Low BID

Downtown Development Authority Director Margaret Woodard wasn’t feeling all that good before addressing commissioners at Monday’s committee meetings. She could only have been feeling worse after it was over.

Woodard was there to inform commissioners that the Business Improvement District (BID) was 20 votes short of the 51 percent of property owners needed for renewal.

If she didn’t get the 51 percent before noon on Monday, Woodard said she would remove it from Tuesday’s commission agenda, which seems an odd move, since she also announced a public meeting right before the commission meeting — a meeting that would be moot if without the 51 percent and perhaps counterproductive with it, since Commissioner Jerry Brigham confirmed with legal council that even with the 51 percent, the commission could still consider whether or not to approve it.

The BID, created in 2007, was intended to provide extra funds to help the Broad Street area become a destination spot similar to those in Charleston and Savannah, and it has several things going against it, not the least of which is the fact that it has fallen short of many of its originally stated goals — things like safety, maintenance, marketing, business recruitment and business retention.

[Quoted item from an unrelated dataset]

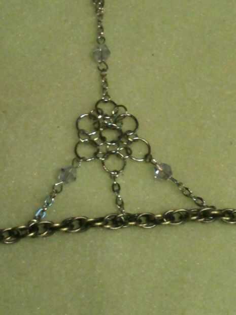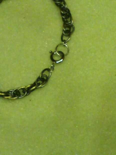 Con el alambre cortadores cortan bastante cadena para caber alrededor de su muñeca. Agregar corchetes al final de la cadena con anillos del salto. Con anillos de alambre y salto Conecte el chainmaille a la pulsera.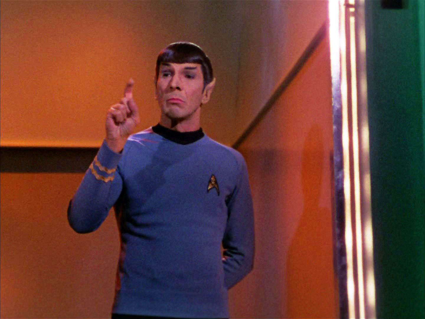 Spock nonchalantly taps a force-field.

Commissioner Wayne Guilfoyle called it a $350,000 cleaning service, then insisted that the prisoners who used to do the clean up did about as good a job. Woodard apparently considered that a compliment, because her defense for the lack of a safety component rested squarely in the idea that sometimes cleanliness can be considered safety.

That’s like using a negative to prove another negative is really a positive.

Even more unpopular than the condition of Broad Street was the revelation that the Marriott not only controls two of the 12 BID board members, but it exists in its own sub-district and is taxed at a lower rate than the rest of the business owners in the BID.

Woodard said it was because that, unlike the rest of the BID, the Marriott has its own security, landscaping and cleaning crews, but in the wake of the TEE Center/parking deck fiasco and the fact that Woodard pretty much established that no one else was getting security or landscaping services, no one seemed too impressed with her argument.